Paris Filmes/Divulgação Letal como uma bala: Jonh Wick (Keanu Reeves) está de volta Na época em que “De Volta ao Jogo” (2014) fora lançado, ninguém deu muita bola. Também pudera! A maré de Keanu Reeves estava mais baixa do que nunca por conta dos sucessivos fracassos de bilheteria. Ninguém poderia supor que o assassino John Wick colocaria o ator de 50 anos novamente no patamar de um dos maiores astros de ação do cinema. Mas foi o que aconteceu. A divertida aventura partia da morte do cachorrinho de Wick para levar o público para uma história de vingança com coreografias inacreditáveis, que na gringa passaram a ser chamadas de “gun-fu” (kung-fu com armas). A sequência “John Wick 2” (2017) aprofundou o universo de vilões do primeiro ao mesmo tempo em que introduziu aos fãs do personagem o “car-fu” (kung-fu com carro).
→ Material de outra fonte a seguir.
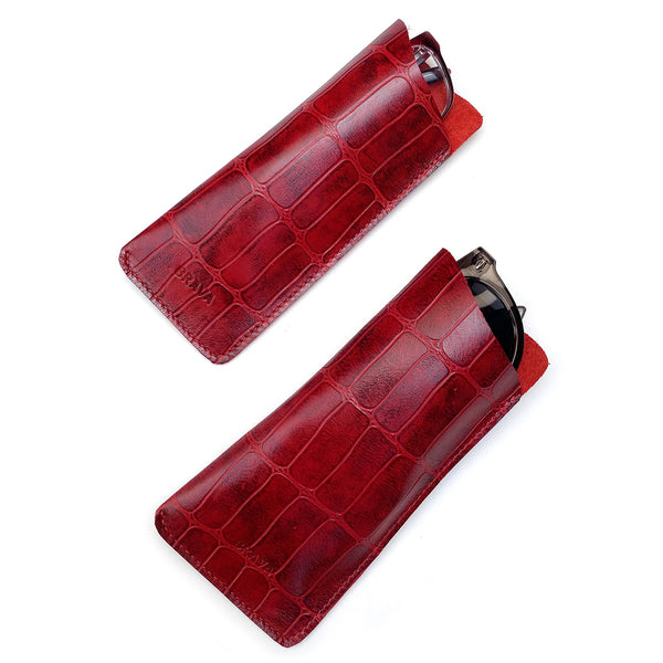 Funda para anteojos de cuero modelo JUDITH Caimán Rojo

O sucesso nos trás à sequência “John Wick – Parabellum”, que chega hoje aos cinemas para fechar a trilogia do maior assassino do cinemão ianque.

E o longa que já está em cartaz não tem só “gun-fu” e “car-fu”, mas também “dog-fu” (kung-fu com cachorro), “horse-fu” (kung-fu com cavalo), “motorcycle-fu” (kung-fu de moto), etc. O filme começa exatos 45 minutos depois do fim da aventura anterior, quando Wick quebrou as regras da organização de assassinos e se transformou em alvo de todo o tipo de criminoso. Ele começa a sequência com a cabeça a prêmio pelo valor de US$ 14 milhões, atraindo todo o tipo de assassino atrás do prêmio. É ação para ninguém botar defeito. A produção é comandada pelo ex-dublê e agora diretor Chad Stahelski e escrita novamente pelo mesmo Derek Kolstad que criou o primeiro John Wick. O próprio roteirista disse em entrevista à revista inglesa Empire que criou o personagem como uma grande brincadeira com as aventuras de vingança tão comuns em Hollywood. Então não leve a sério e divirta-se!

Em tempo, o misterioso “parabellum” do título vem de uma frase em latim cuja tradução completa é “se quer paz, então prepare-se para a guerra.” Nada mais apropriado.